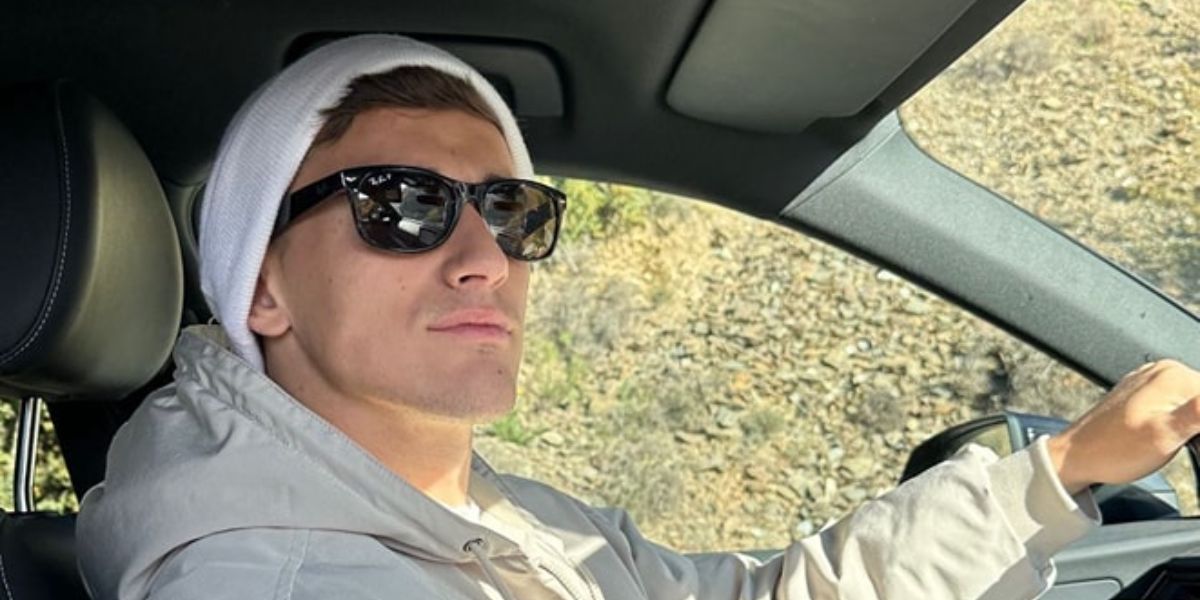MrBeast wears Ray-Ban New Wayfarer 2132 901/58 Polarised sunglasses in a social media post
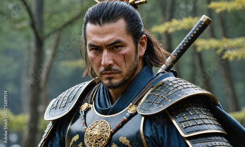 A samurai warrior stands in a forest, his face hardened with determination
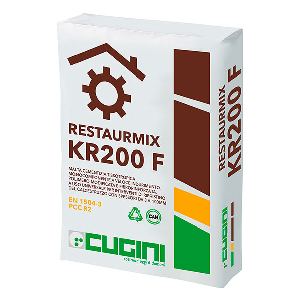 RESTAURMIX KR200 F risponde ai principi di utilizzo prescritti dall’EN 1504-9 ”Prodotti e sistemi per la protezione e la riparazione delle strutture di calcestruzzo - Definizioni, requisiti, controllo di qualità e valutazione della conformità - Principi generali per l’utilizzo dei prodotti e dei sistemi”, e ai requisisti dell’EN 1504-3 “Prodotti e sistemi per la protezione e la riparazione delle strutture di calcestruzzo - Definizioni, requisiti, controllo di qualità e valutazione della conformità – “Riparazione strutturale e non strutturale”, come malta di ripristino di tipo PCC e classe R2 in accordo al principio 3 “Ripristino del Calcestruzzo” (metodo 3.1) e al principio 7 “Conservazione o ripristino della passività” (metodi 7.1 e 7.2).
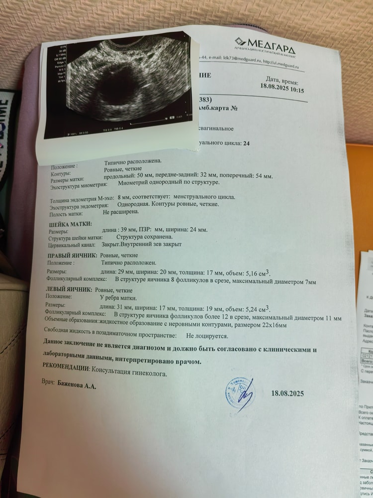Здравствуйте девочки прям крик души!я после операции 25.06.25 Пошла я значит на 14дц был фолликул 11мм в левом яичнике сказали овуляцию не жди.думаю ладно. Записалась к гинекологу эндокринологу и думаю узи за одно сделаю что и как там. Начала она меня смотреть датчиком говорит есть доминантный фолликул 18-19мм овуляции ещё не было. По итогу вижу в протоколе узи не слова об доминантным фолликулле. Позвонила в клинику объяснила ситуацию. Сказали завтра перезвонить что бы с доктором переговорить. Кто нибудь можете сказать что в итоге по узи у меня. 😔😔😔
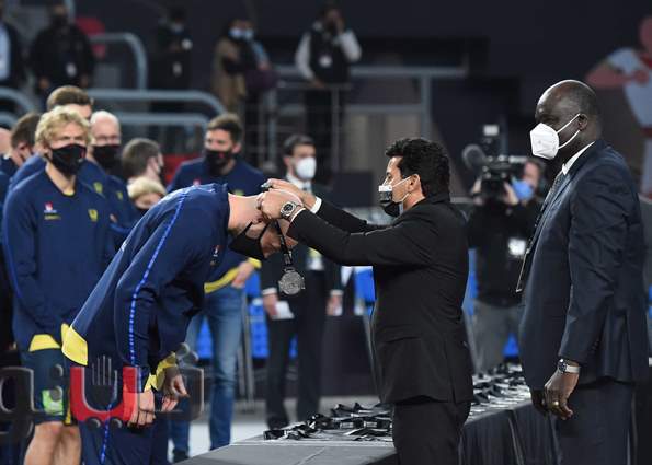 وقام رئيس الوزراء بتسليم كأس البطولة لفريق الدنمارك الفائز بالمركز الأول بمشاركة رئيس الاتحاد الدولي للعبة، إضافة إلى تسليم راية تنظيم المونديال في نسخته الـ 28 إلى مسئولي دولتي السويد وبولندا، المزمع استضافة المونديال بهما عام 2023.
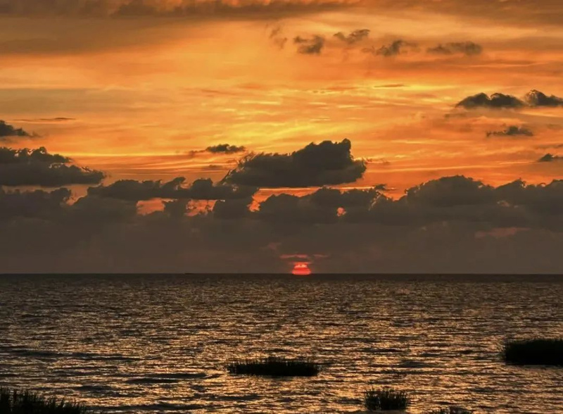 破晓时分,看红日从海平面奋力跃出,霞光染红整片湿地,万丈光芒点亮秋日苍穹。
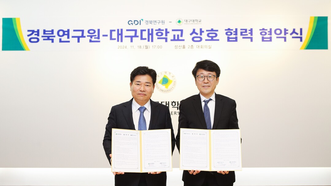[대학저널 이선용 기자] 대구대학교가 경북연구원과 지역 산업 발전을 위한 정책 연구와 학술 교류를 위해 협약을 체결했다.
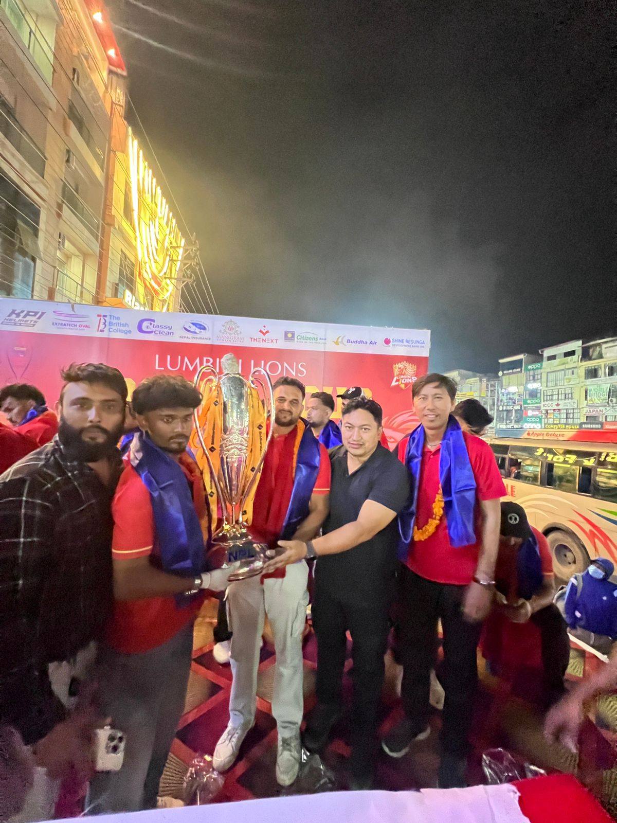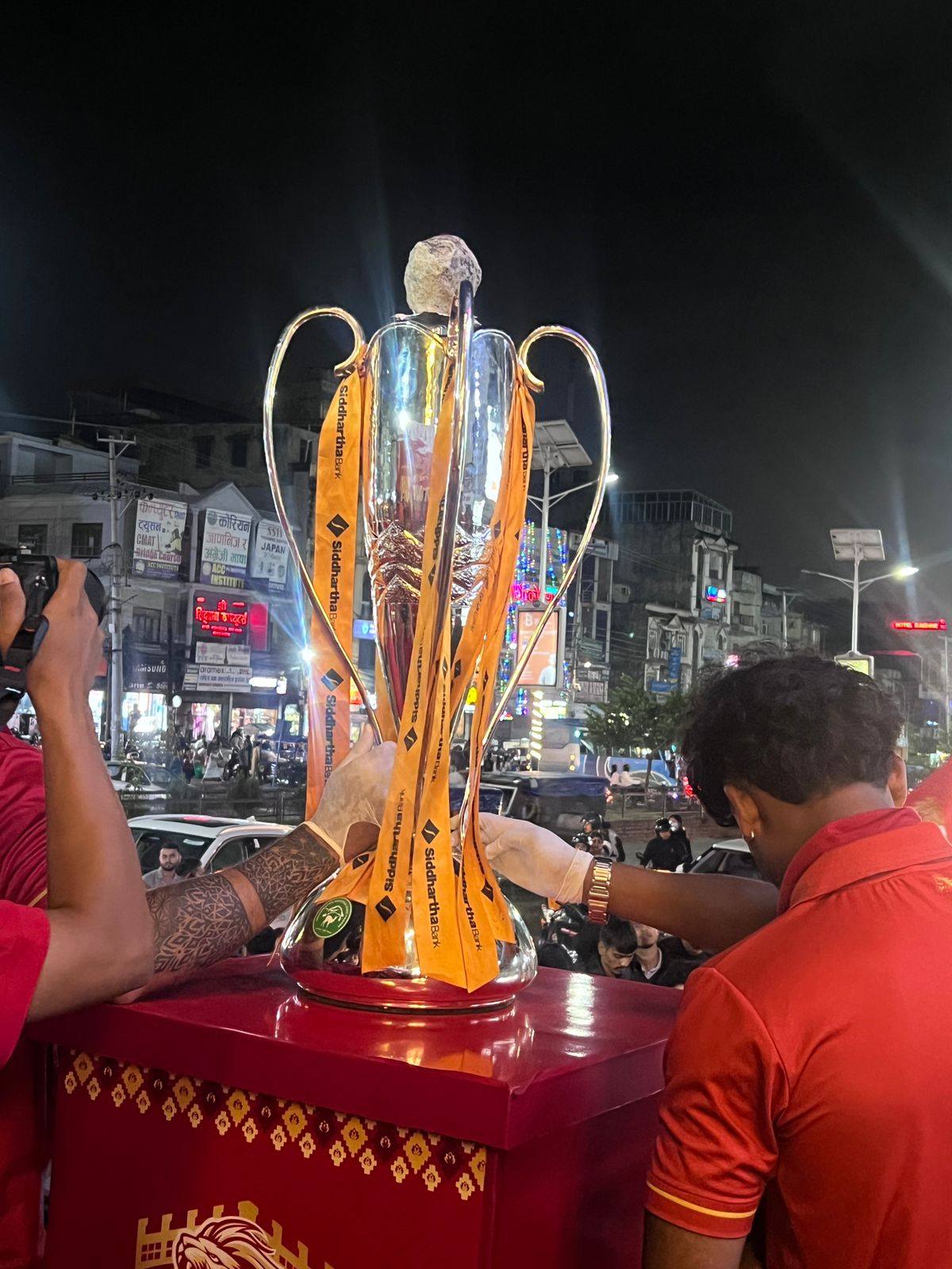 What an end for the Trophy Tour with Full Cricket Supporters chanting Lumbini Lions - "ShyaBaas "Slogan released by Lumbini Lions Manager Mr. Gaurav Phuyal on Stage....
________________________
[Directions for this task] Reproduce, word for word, every line from the start of the records down to and including the line with "A samurai warrior"; skip the pictures.

[Response area]
MrBeast wears Ray-Ban New Wayfarer 2132 901/58 Polarised sunglasses in a social media post
 A samurai warrior stands in a forest, his face hardened with determination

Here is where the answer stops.